- [EXTRACTED RECORDS]:
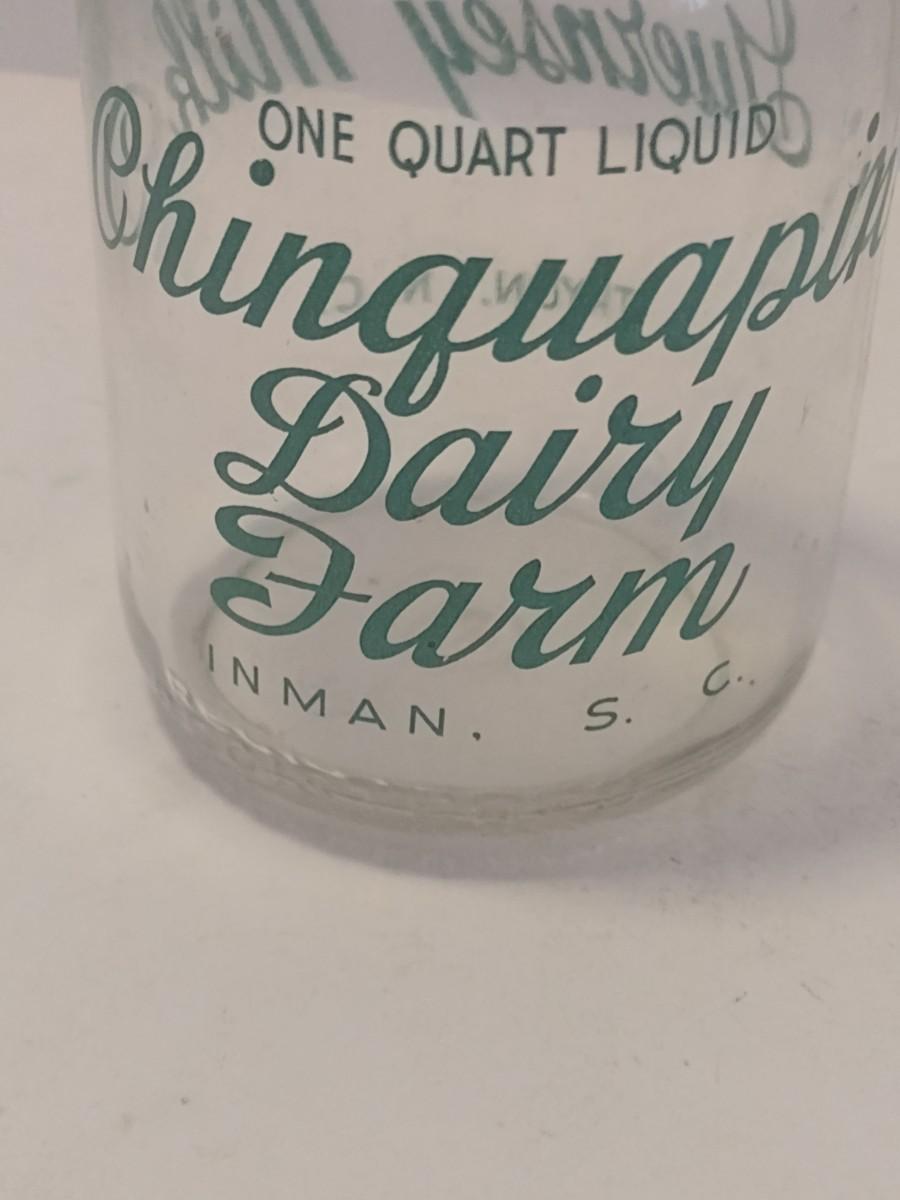 Vintage Chinquapin Dairy Farm Milk Bottle Inman, SC and Tryon, NC
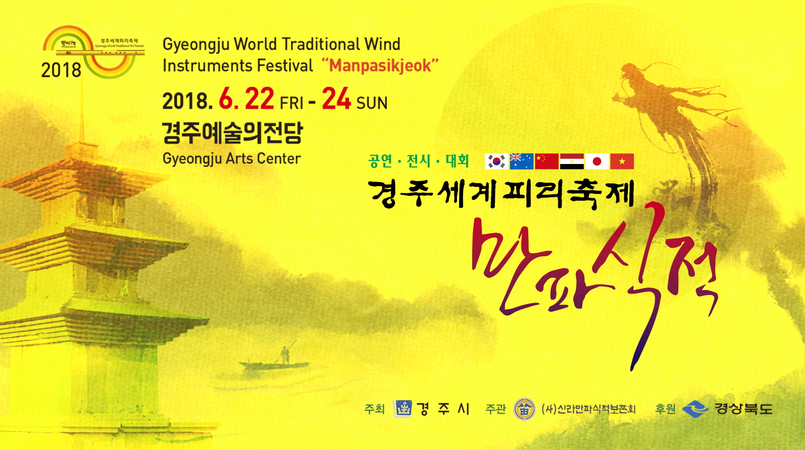 모양과 소리는 달라도 하나의 감동을 전하는 세계 각국의 다양한 전통 피리와 명품 공연을 만날 수 있는 ‘2018 경주세계피리축제 만파식적'이 오는 22일부터 24일까지 3일간 경주 예술의 전당관에서 열린다.
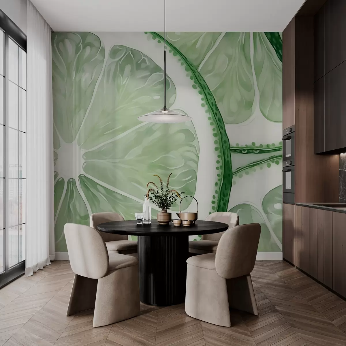 Fototapety Citrusové kruhy imitující akvarelově zelený odstín Č. w03026
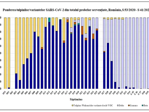 Rata de infectare cu o tulpină COVID care provoacă îngrijorare (VOC) a ajuns în România la 89 la sută, până în 17 octombrie, conform unui raport al Institutului Național de Sănătate Publică (INSP).
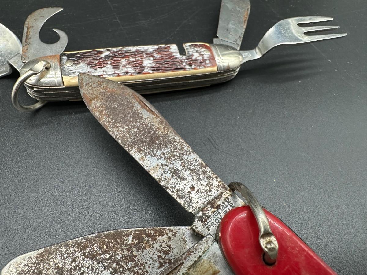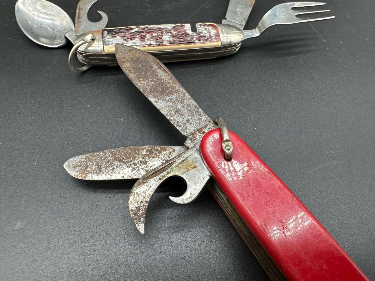 Lot of two vintage American-made camp / scout style utility pocket knives.
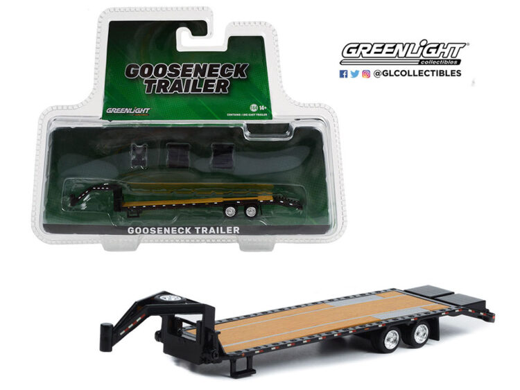 Brand : Trailer Description : Gooseneck Trailer, black with red and white Conspicuity Stripes Manufacturer : GreenLight Scale : 1/64
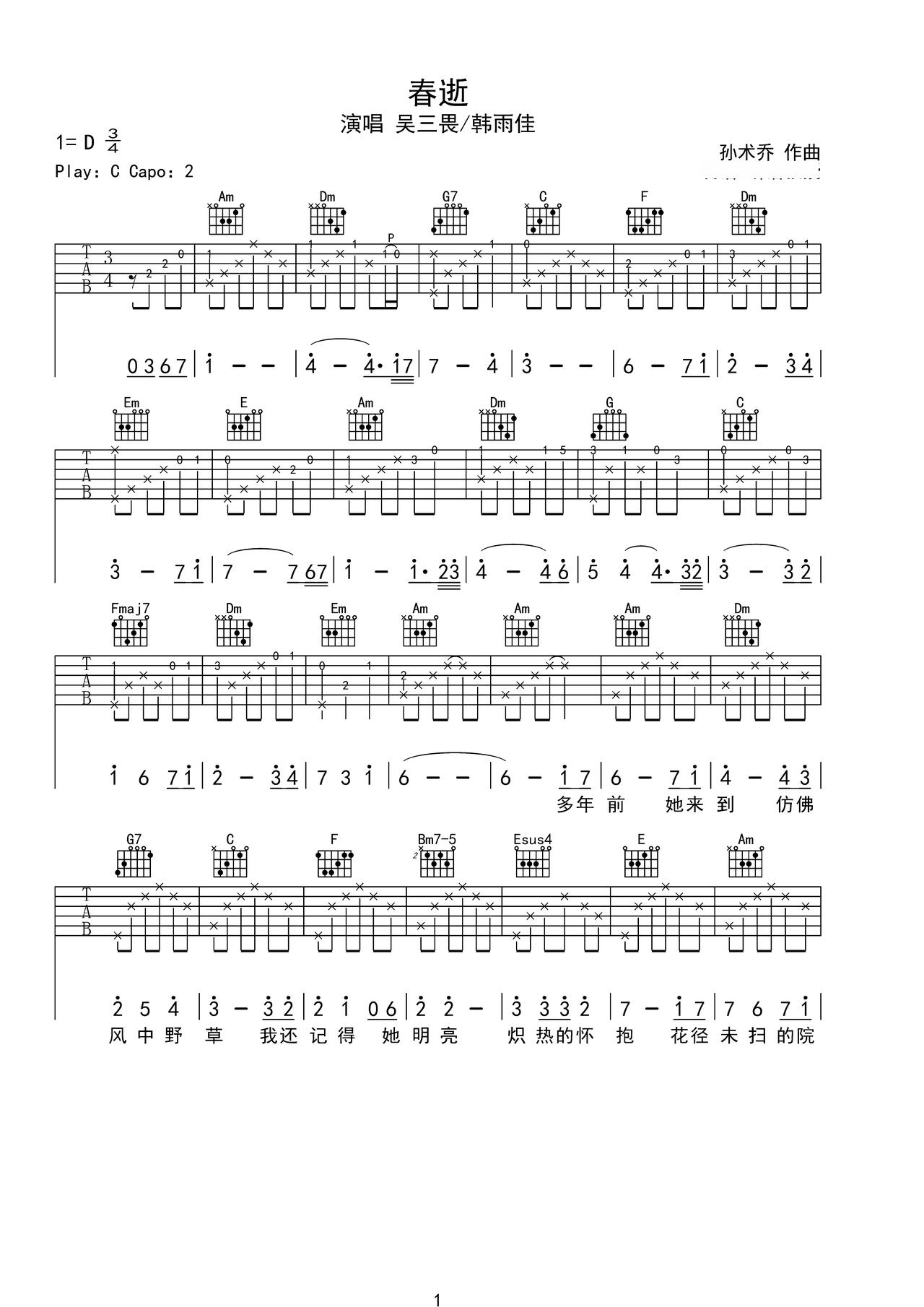 春逝_吉他谱:
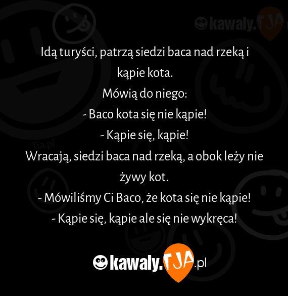 Wracają, siedzi baca nad rzeką, a obok leży nie żywy kot.
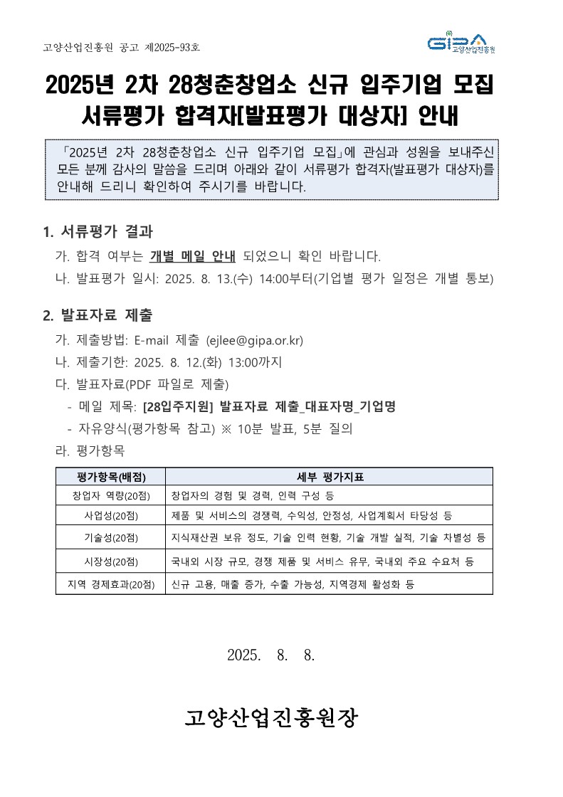 [일반] 2025년 2차 28청춘창업소 신규 입주기업 모집 서류평가 합격자(발표평가 대상자)공고문
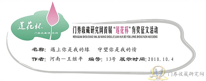 2009年10月,我参加了在陕西黄陵举办的全国第16届门券展,期间,我遇到了德高望重的王建池站长,见面后,王建池站长为我送了一份厚礼,一个大信封内装有数十张精美门券和一个《门券收藏研究网作品选集》光盘。 2010年春节前,一封来自《门券收藏研究网》编辑部的“恭贺新春”大红信笺,使我感动。信中说:“尊敬的王继平主编:您好!值此辞旧迎新、虎年将至之时,门券收藏研究网编辑部全体同仁向您及贵刊编辑部全体朋友拜年。恭祝新年快乐!全家幸福!!集藏日丰!!!......”字里行间,我仿佛看到,这不是一封普普通通的信,这分明是门券收藏研究网编辑部对券友的一颗真诚和火热的心。 2010年夏季,门券收藏研究网站举办首届“莲花奖”门券展活动,我抱着“重在参与”的指导思想,7月份,我利用工作之余制作了一部专集《太行山美美在河南》给网站发去,几天后,陈明新部长亲自打来长途电话,为专集的底色更加完美,征求我的意见,他这种敬业的精神和为读者真诚服务的精神使我感动,我在电话里说出内心的话:谢谢陈部长!谢谢门券收藏研究网站!《太行山美美在河南》最终能够获得铜奖,首先感谢门券收藏研究网站的编辑老师,军功章有我的一半,更有您的一半。 一年多来,我主编的《新乡门券》电子版能及时在网站刊出,与网站编辑部的各位老师辛勤工作是分不开的,通过网站,扩大了《新乡门券》的影响和读者群,使我结识了许多券友,增加了友情,丰富了藏品。说句实话,我为网站做的太少太少了,网站为我的回馈太多太多了。 在门券收藏研究网迎来创办五周年的大喜日子,我衷心祝愿网站在广大券友的共同努力和关心下,健康、茁壮成长,越办越好! 遇上《门券收藏研究网》是我的缘,守望《门券收藏研究网》是我的情。 【作品编辑:张景生;网页编辑:陈捷】

- [BRIEF]:
Output all of the listing above, exactly as given, but without its pictures.

- [EXPECTED ANSWER]:
 Vintage Chinquapin Dairy Farm Milk Bottle Inman, SC and Tryon, NC
 모양과 소리는 달라도 하나의 감동을 전하는 세계 각국의 다양한 전통 피리와 명품 공연을 만날 수 있는 ‘2018 경주세계피리축제 만파식적'이 오는 22일부터 24일까지 3일간 경주 예술의 전당관에서 열린다.
 Fototapety Citrusové kruhy imitující akvarelově zelený odstín Č. w03026
 Rata de infectare cu o tulpină COVID care provoacă îngrijorare (VOC) a ajuns în România la 89 la sută, până în 17 octombrie, conform unui raport al Institutului Național de Sănătate Publică (INSP).
 Lot of two vintage American-made camp / scout style utility pocket knives.
 Brand : Trailer Description : Gooseneck Trailer, black with red and white Conspicuity Stripes Manufacturer : GreenLight Scale : 1/64
 春逝_吉他谱:
 Wracają, siedzi baca nad rzeką, a obok leży nie żywy kot.
 [일반] 2025년 2차 28청춘창업소 신규 입주기업 모집 서류평가 합격자(발표평가 대상자)공고문
 2009年10月,我参加了在陕西黄陵举办的全国第16届门券展,期间,我遇到了德高望重的王建池站长,见面后,王建池站长为我送了一份厚礼,一个大信封内装有数十张精美门券和一个《门券收藏研究网作品选集》光盘。 2010年春节前,一封来自《门券收藏研究网》编辑部的“恭贺新春”大红信笺,使我感动。信中说:“尊敬的王继平主编:您好!值此辞旧迎新、虎年将至之时,门券收藏研究网编辑部全体同仁向您及贵刊编辑部全体朋友拜年。恭祝新年快乐!全家幸福!!集藏日丰!!!......”字里行间,我仿佛看到,这不是一封普普通通的信,这分明是门券收藏研究网编辑部对券友的一颗真诚和火热的心。 2010年夏季,门券收藏研究网站举办首届“莲花奖”门券展活动,我抱着“重在参与”的指导思想,7月份,我利用工作之余制作了一部专集《太行山美美在河南》给网站发去,几天后,陈明新部长亲自打来长途电话,为专集的底色更加完美,征求我的意见,他这种敬业的精神和为读者真诚服务的精神使我感动,我在电话里说出内心的话:谢谢陈部长!谢谢门券收藏研究网站!《太行山美美在河南》最终能够获得铜奖,首先感谢门券收藏研究网站的编辑老师,军功章有我的一半,更有您的一半。 一年多来,我主编的《新乡门券》电子版能及时在网站刊出,与网站编辑部的各位老师辛勤工作是分不开的,通过网站,扩大了《新乡门券》的影响和读者群,使我结识了许多券友,增加了友情,丰富了藏品。说句实话,我为网站做的太少太少了,网站为我的回馈太多太多了。 在门券收藏研究网迎来创办五周年的大喜日子,我衷心祝愿网站在广大券友的共同努力和关心下,健康、茁壮成长,越办越好! 遇上《门券收藏研究网》是我的缘,守望《门券收藏研究网》是我的情。 【作品编辑:张景生;网页编辑:陈捷】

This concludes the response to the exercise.